Завершив разговор, Пит Хоффман еще долго разглядывал окна и стену дома, разделявшую их с Зофией.
Скоро, совсем скоро…
Ошарашить, сбить с толку — испытанное средство мастеров допроса. Но проснуться в тюремной камере не вполне протрезвевшим, после шумного свадебного торжества, быть разбуженным с похмелья раздраженным приветствием полицейского Эверта Гренса, брошенным в четырехугольное окошко, — что может быть более неожиданным? Добавьте к этому охранников и замок, чей металлический скрежет словно распиливает мозг на две половины, а стопорные поршни острым мечом вонзаются в череп, напрочь парализуя любую мысль в самом зародыше. А потом еще этот полицейский врывается, грохоча стальной дверью, вместе с женщиной, организовавшей весь этот бедлам. После этого можно понять Душко Заравича, встретившего комиссара и его коллегу лежа на койке спиной к двери.

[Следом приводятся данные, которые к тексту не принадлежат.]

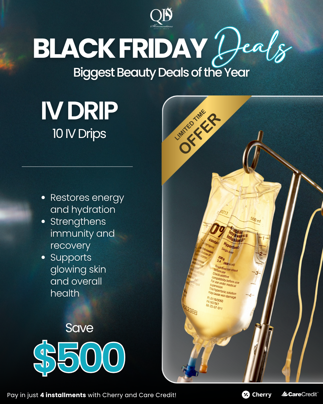 Boost your glow and immunity with our IV Drip Black Friday Offer. Enjoy 10 sessions designed to restore hydration, strengthen your body, and promote radiant, healthy skin — save up to $500 this season.
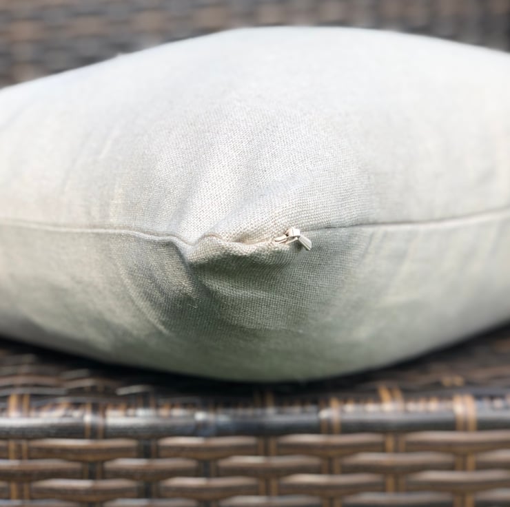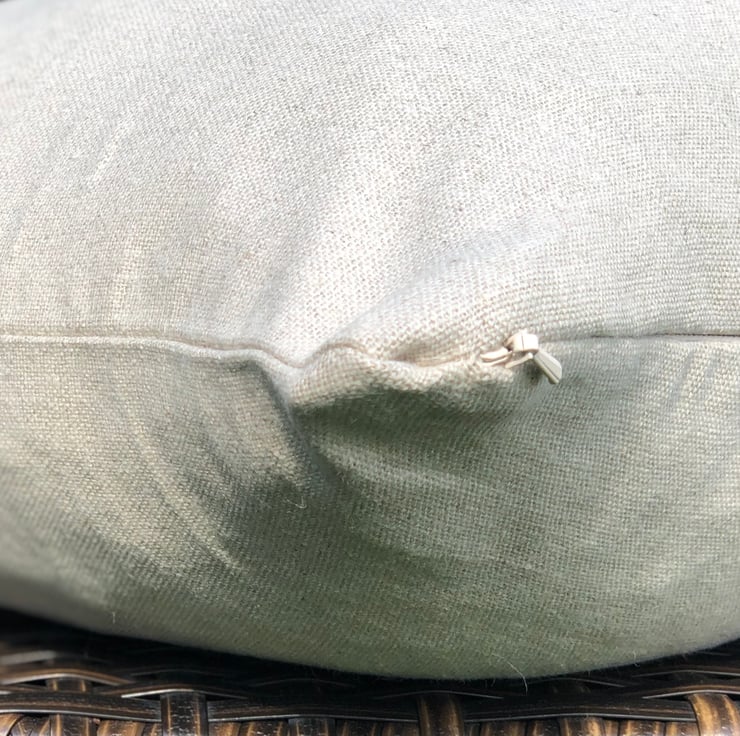 The same linen fabric is used on both the front and back. It has an invisible zip in the bottom seam for easy removal for laundering and can be washed at 30 degrees and ironed whilst still slightly damp. Please do not tumble dry.

— Ты и я, — начал комиссар, — мы виделись семнадцать лет назад, когда я допрашивал тебя по делу об убийстве целой семьи. Понимаешь, о чем я, дьявол? И то, что я допрашивал твоих приятелей — Дейяна, Бранко и Эрмира, ты, конечно, тоже помнишь. А потом еще вашего работодателя, которого был вынужден отпустить по истечении семидесяти двух часов, чтобы он потом буквально у меня на глазах покинул страну, — поверь, такое не забывается. И тогда, Заравич, как ты тоже, конечно, помнишь, я поклялся вам и себе, что в жизни больше не пойду ни на что подобное. Я имею в виду, чтобы, поймав убийцу, отпустить его. И поэтому, если ты…
— Ты высказался?
Заравич оставался все в том же положении, спиной к полицейским. Гренс наклонился к его уху, зашипел:
— Я выскажусь только после того, как смогу задавать тебе вопросы, глядя в глаза.
Нависла пауза. В тесной камере не было ничего, кроме раковины, вмурованного в стену стола, табуретки и койки.
Несколько минут напряженного ожидания, и Заравич демонстративно медленно перевернулся на дру- гой бок.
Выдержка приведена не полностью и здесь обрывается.